Aix-les-Bains à La Roche-sur-Foron
en 20 puis 25 kV et 50 Hz. Plusieurs
machines sont commandées à
l’industrie française et helvétique. Seule une automotrice équipée de redresseurs
alimentant des moteurs à courant continu connaît une descendance. L’électrification
de la ligne à fort trafic lourd Valenciennes – Thionville débute en 1952. Quatre séries
de machines sont mises en service. Les BB 12 000 de type mono-continu avec des
redresseurs à ignitron s’avèrent la plus réussie. Ces machines conjuguent les
avantages du monophasé associé avec des moteurs série à courant continu.

Au Japon en 1964, la première ligne


du Sinkansen entre en service. La
ligne à voie normale du Tokaido relie
Tokyo à Osaka. Elle est parcourue à
la vitesse maximale de 210 km/h par
des rames à motorisation répartie.
Ces trains connaissent un succès
commercial immédiat. La crise du
pétrole de 1973 relance l’intérêt des
décideurs pour le rail. La saturation
de la ligne classique Paris – Lyon ne
peut être résolue que par la construction d’un nouvel itinéraire direct à grande
vitesse. Le TGV Sud-Est entre en service en 1981 après avoir battu le record du
monde de vitesse sur rail avec 381 km/h.

Les thyristors font leur apparition


dans les circuits secondaires. Les
Suisse et les Allemands sont les
premiers à les intégrer dans les
chaînes de traction. Les moteurs
triphasés sont de type synchrone.
Cette chaîne de traction est utilisée
en France avec l’importante série de
Sybic (SYnchrone BICourant) et le
TGV Atlantique. La mise à disposition
de thyristors GTO permet l’emploi de
moteurs triphasé asynchrones. Les
Astride (ASynchrone, TRIcourant, Européen) sont des machines tricourant aptes à
circuler en France et en Italie.

Cela correspond aux tendances


actuelles. Les administrations
ferroviaires font construire des
machines spécialisées pour le fret,
moins sophistiquées donc moins
chères.

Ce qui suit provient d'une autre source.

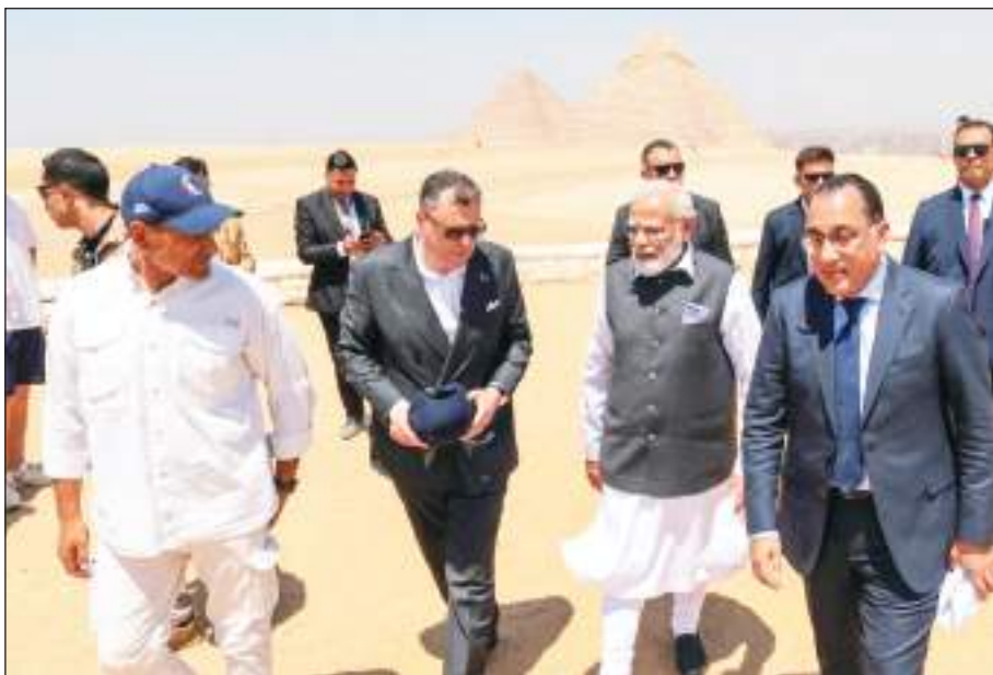
प्रधानमंत्री नरेंद्र मोदी ने मिस्त्र के पिमामिडों को देखा।

कानपुर: कभी ईमेल पर तो कभी एसएमएस के द्वारा या फिर कभी लुभावने ऑफर दिखाकर लोगों को ठगी के जाल में फंसाने वाले साइबर अपराधी नित नए तरीके इजाद कर रहे हैं। अपने दिन का अधिकांश समय सोशल मीडिया और मोबाइल फोन पर बिताने वाले युवाओं को साइबर ठगी के नए हथकंडों से बचने के लिए पुलिस कमिश्नर कानपुर नगर की क्राइम ब्रांच साइबर सेल अवेयरनेस प्रोग्राम चला रही है। साइबर अवेयरनेस सेशन में शनिवार को कल्याणपुर के कोचिंग संस्थान में छात्र छात्राओं को जागरूक किया गया। छात्रों के साथ कोचिंग में पढ़ा रहे शिक्षकों ने भी जागरूकता अभियान में भाग लिया।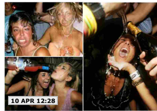
10 APR 12:28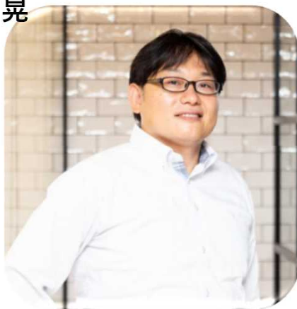
CDO Club Japan 理事・事務総長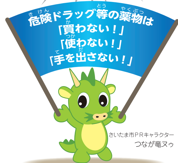
さいたま市PRキャラクター つなが竜又ウ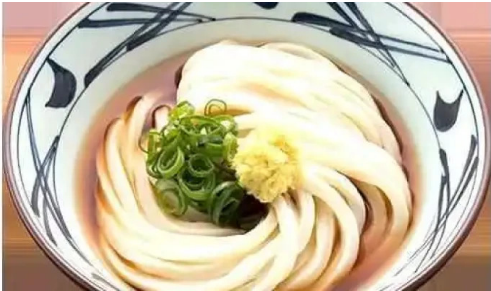
丸亀製麺さいたま中央 料理飲み物

Le trafic voyageurs est confié
à des trains à grande vitesse ou à
des rames de type TER.

La mise en service récente du TGV


Est marque une nouvelle étape.
Outre un fabuleux record du monde
de vitesse sur rail à 574 km/h, ces nouvelles rames intègrent plusieurs
caractéristiques novatrices. Un des bogies des remorques est équipé de nouveaux
moteurs synchrones triphasé à aimant permanent. Actuellement, seule la France sait
réaliser des TGV à deux niveaux circulant au quotidien à 320 km/h.

Avec la raréfaction des carburants classiques, l’impossibilité pour l’aviation d’offrir


des relations plus rapides, le chemin de fer, économe en énergie, en espace et
pénétrant au cœur des villes, possède des atouts de premier ordre pour assurer les
transports à moyenne distance.

C’est sans doute le moyen de transport de l’avenir.